> PROBLEM DETAILS: Your task is to transcribe exactly, and only, the lines running from the one with "AliRobam Synthetic Wig" to the end of the listing below, inclusive, with every picture left out.

DATA EXTRACT below:

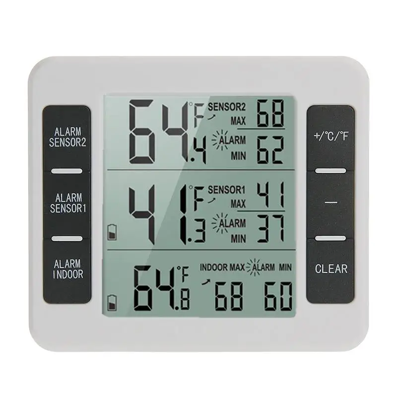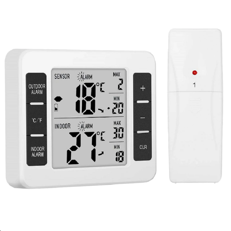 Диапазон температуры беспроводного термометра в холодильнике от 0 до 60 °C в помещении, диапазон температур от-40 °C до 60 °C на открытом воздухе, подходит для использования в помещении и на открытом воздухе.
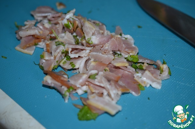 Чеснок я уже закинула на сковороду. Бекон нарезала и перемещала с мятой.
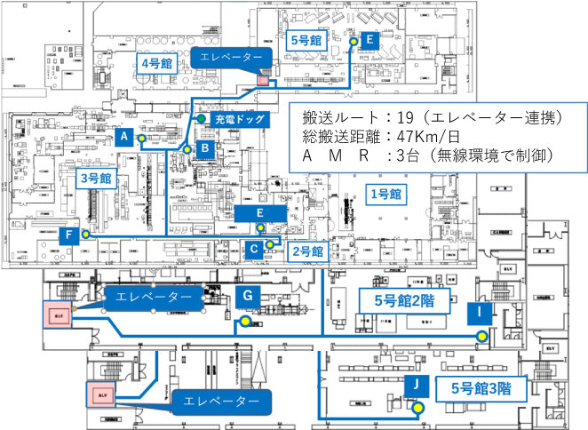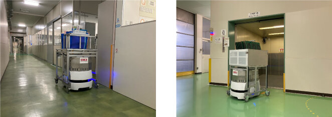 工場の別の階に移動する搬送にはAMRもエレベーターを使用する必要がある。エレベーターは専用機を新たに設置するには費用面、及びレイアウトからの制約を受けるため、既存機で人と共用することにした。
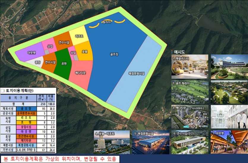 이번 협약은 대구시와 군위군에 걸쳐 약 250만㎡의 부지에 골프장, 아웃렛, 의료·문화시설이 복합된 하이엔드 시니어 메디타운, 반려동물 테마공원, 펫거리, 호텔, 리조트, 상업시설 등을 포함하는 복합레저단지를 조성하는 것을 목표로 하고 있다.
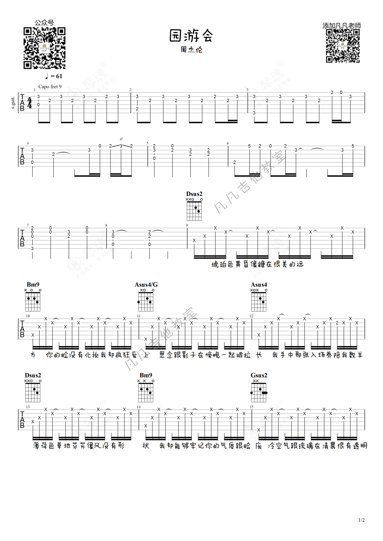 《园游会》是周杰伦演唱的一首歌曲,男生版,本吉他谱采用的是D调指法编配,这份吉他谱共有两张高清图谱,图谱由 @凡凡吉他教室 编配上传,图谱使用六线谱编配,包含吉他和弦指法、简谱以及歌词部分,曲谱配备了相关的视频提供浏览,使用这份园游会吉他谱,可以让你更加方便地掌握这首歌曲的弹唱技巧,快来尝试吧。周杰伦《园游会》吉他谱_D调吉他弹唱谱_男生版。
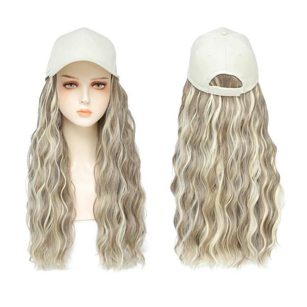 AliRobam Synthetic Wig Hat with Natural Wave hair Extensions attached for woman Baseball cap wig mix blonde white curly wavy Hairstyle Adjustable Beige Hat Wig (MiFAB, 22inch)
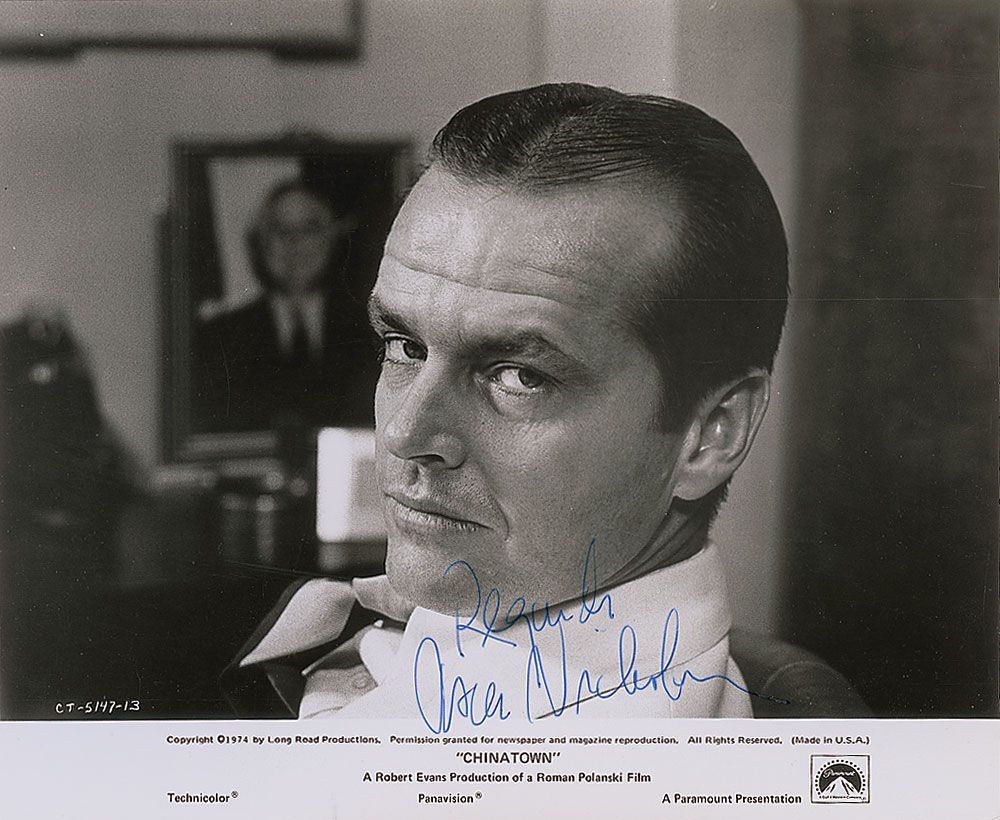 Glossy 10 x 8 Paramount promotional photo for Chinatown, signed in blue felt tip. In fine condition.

End of DATA EXTRACT.

> EXERCISE OUTPUT:
 AliRobam Synthetic Wig Hat with Natural Wave hair Extensions attached for woman Baseball cap wig mix blonde white curly wavy Hairstyle Adjustable Beige Hat Wig (MiFAB, 22inch)
 Glossy 10 x 8 Paramount promotional photo for Chinatown, signed in blue felt tip. In fine condition.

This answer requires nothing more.